“Can I get you guys another round?” the waitress popped up out of nowhere and asked.
“No. I’m good. Bash?” I asked. I hadn’t seen him without a half-full glass of whiskey all night. Actually, how drunk was he? Was everything he said tonight booze-induced? This wasn’t the time or place for this conversation, but I needed answers.
“No, nothing for me,” Bash said.
“How drunk are you?” I asked.
“What?”
“How drunk are you? Because you just dropped a bomb on me and I want to make sure this is real and not some whiskey-laden fantasy. You’ve been drinking a lot tonight.”
“I’m not drunk, Cas. And I know my limits,” he said.
“Jamie used to say the same thing.” The words were out before I could stop them and I bit back the pain.
“I’m not Jamie, Cas. I promise,” he said, taking my hand, but I pulled free.
“Please explain how you never cheated. You told me you kissed the girl from those pictures. Then you broke up with me.”
My heart raced as I waited for him to respond.
“I didn’t deserve you. You’d just started college, and it was important to you to get out of your house. The band was taking off, and I was never around. Long distance rarely works.”
He was rambling, and I was trying to focus on what the hell he was telling me.
“No. Wait. There were pictures of that girl all over you. She was kissing you, crawling all over your lap.”
“She tried to kiss me, and I pushed her away immediately. Nothing happened. You can ask anyone.”
“Are you fucking kidding me?” It came out like a shout, and a few people turned to look at us.
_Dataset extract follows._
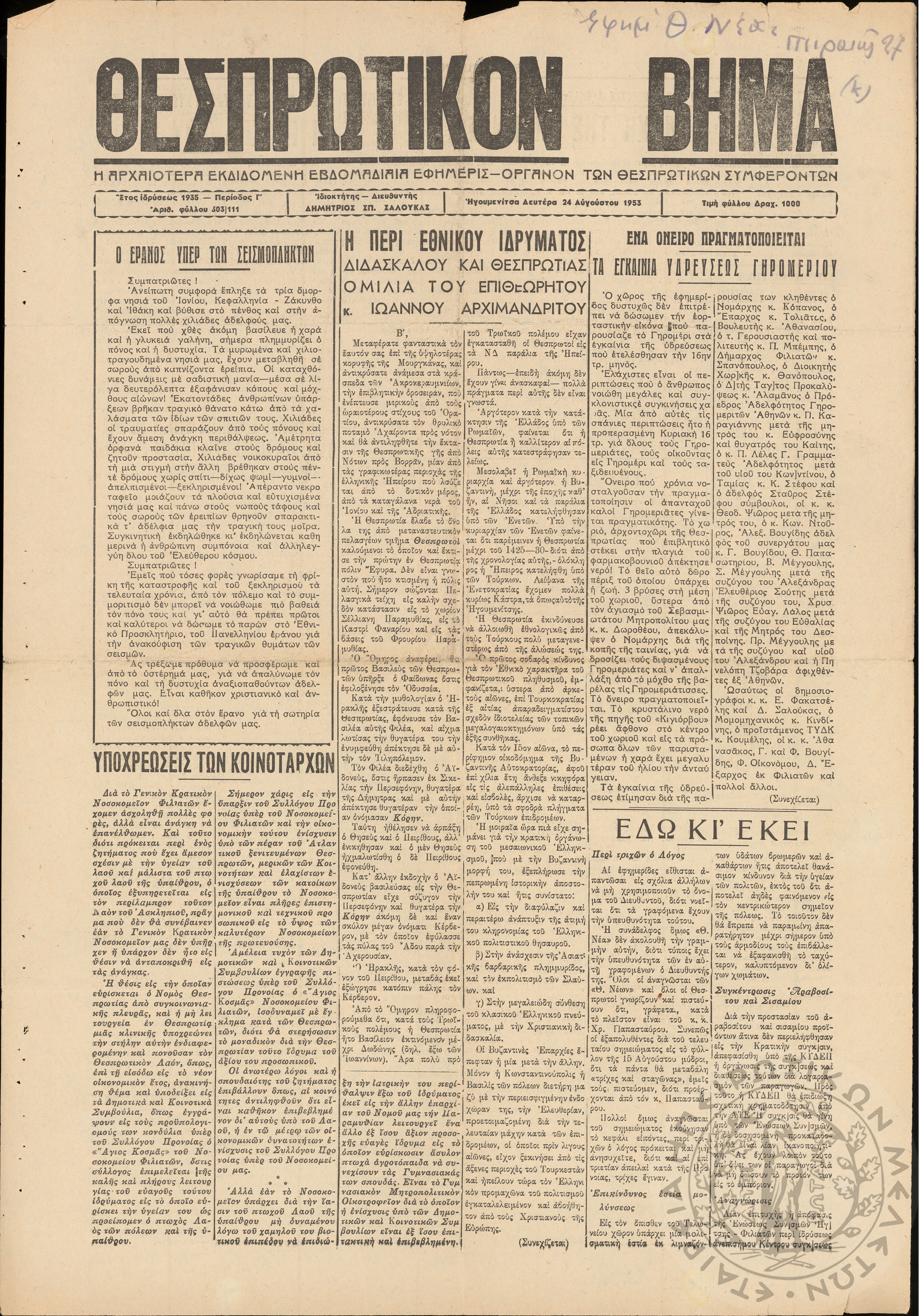 - Ψηφιακό Αποθετήριο Ανάδειξης και προβολής των ιστορικών τεκμηρίων της Εταιρείας Ηπειρωτικών Μελετών

“Cas. That’s not everything.”
“Oh, please, tell me more, Bash, because I’m pretty sure you let me believe that you cheated on me and then broke up with me because you wanted me to go to college. Because long distance was hard and we couldn’t have figured it out. Because we’d been friends long before we started hooking up and that meant nothing to you.”
He reached for my hand, but I leaned back, away from him.
“You don’t get to touch me right now,” I bit out.
“Cassie. That’s not all of it. Yes, I decided to end it. I let you believe that I’d cheated because it was easier that way.”
“Easier? No, that’s a coward’s way out. Why couldn’t you have said, ‘let’s take a break,’ or god forbid, ‘let’s see if we can make this work’? You took that decision away from me.”
He sighed heavily, and I resisted the urge to punch him in the face. Maybe I should have gotten Holly up here since she kept offering to kick his ass.
“I never wanted you to find out this way, but Jamie knew about us.”
“How? He never said a word to me.”
“I don’t know how he found out, but he confronted me the day before you saw those pictures. He told me you were going places. You were getting out. Away from your parents. Away from him. I had to let you go so you could live your life.”
“Are you serious?” I gasped. “He never said a damn word to me about that. About you.”
“I hated hurting you, but I’ve seen so many people follow around their musician boyfriends and girlfriends. It rarely works out, and then they end up resenting each other. I wasn’t going to hold you back.”
“So you gave in to my brother, and instead of resenting you, you let me hate you for years. Let me think that I wasn’t enough for a big rock star like you. I was just your hometown girlfriend, the kid that tagged along behind you and my brother.”
He grabbed my hand before I could move away, his grip tight as his eyes blazed. My breath caught in my throat, a mixture of pain, shock, and anger rolling around inside of me. My brother had a hand in this, and knowing I couldn’t yell at him for it infuriated me and broke my heart. How fucking dare they do this?